When is the tax return due for freelancers?

If you're self-lodging, 31 October. If you're using a registered tax agent, you generally get until 31 March of the following year, but you need to be registered with the agent before the October deadline. Check with your accountant.

Do I need an accountant?

Not strictly. If your freelance situation is simple (sole trader, domestic clients, no complex investments), you can lodge your own return through myTax. But if your income is above $100,000, you have a mix of PAYG and freelance income, or you're claiming significant deductions, an accountant will almost certainly save you more than they cost. See our complete deductions guide for what you can claim yourself.

What if I can't afford to pay my tax bill?

Call the ATO before the due date. They offer payment plans and are generally reasonable with small businesses who communicate early. The worst thing you can do is ignore it. The General Interest Charge (about 11%) applies to late payments, and Failure to Lodge penalties stack up every 28 days.

I didn't make any super contributions this year. Is it too late?

Not if it's before late June. Even a small contribution saves tax. A $5,000 contribution at a 32% marginal rate saves you $850 this financial year. And if you miss this year, the unused cap space carries forward for five years, so you can catch up later.

What's the instant asset write-off threshold?
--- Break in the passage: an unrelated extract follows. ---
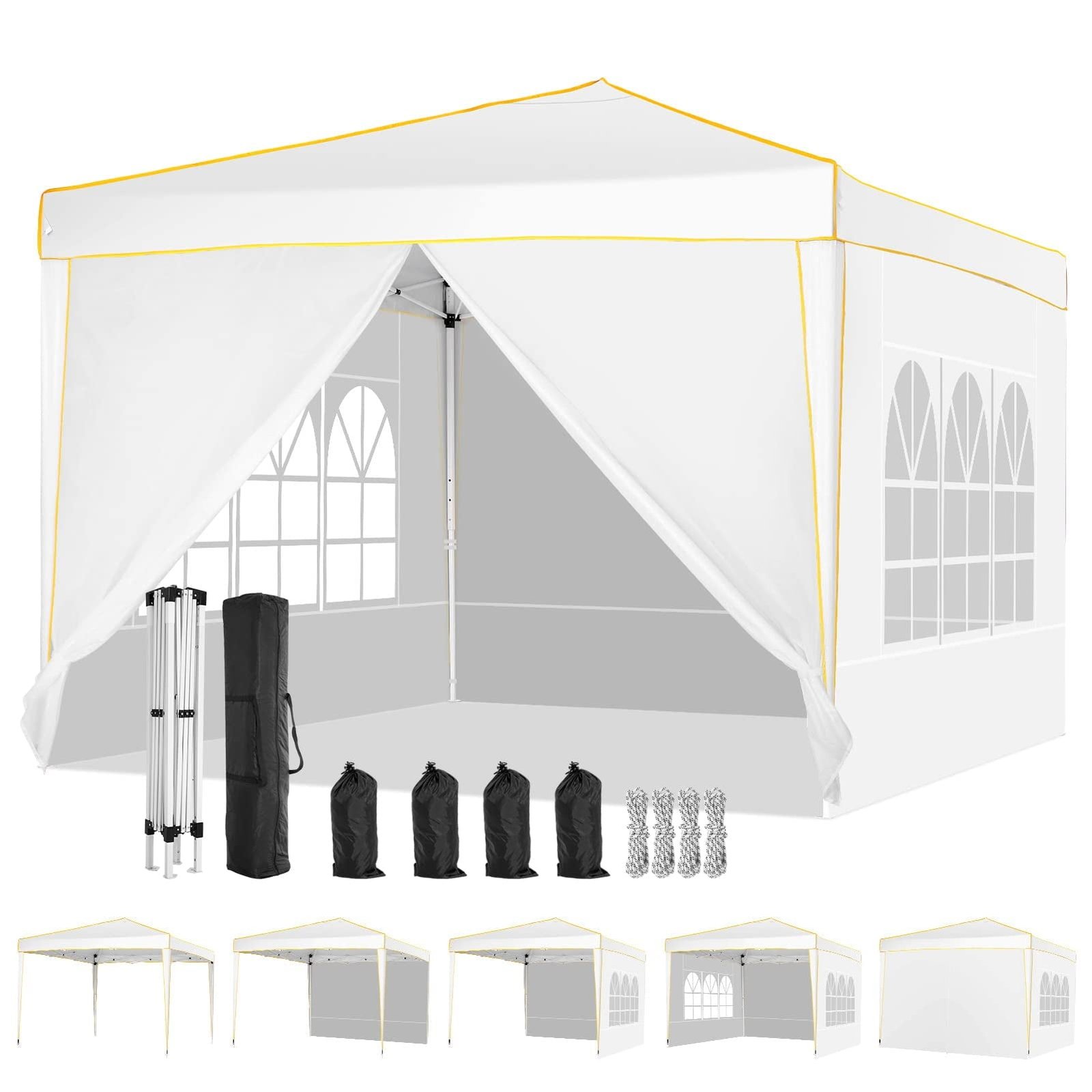 Hoteel Pop up Canopy Tent 10×10 Commercial Instant Canopy with 4 Sidewalls & Carry Bag 4 Stakes & Ropes & Sandbags Portable Tent for Parties Beach Camping Party Event Shelter Sun Shade White

For small businesses (turnover under $10 million), the instant asset write-off allows you to immediately deduct assets costing up to the current threshold in the year they're first used. The threshold has changed frequently in recent years, so check the ATO website for the current figure before making large purchases. Assets above the threshold are depreciated over their effective life.

Can I claim expenses I paid for with personal funds?

Yes, as long as the expense was for business purposes. Keep the receipt and record it as a business expense. The payment method doesn't matter to the ATO. What matters is that it was a genuine business expense with documentation.

I started freelancing partway through the year. What do I do?

Your tax return covers the full financial year regardless of when you started freelancing. Report all income (PAYG employment + freelance) and claim deductions for each. Your PAYG income will have tax already withheld, so your freelance income is what drives any additional tax owed. The 30 June deadline for super and deductions applies from whatever date you started.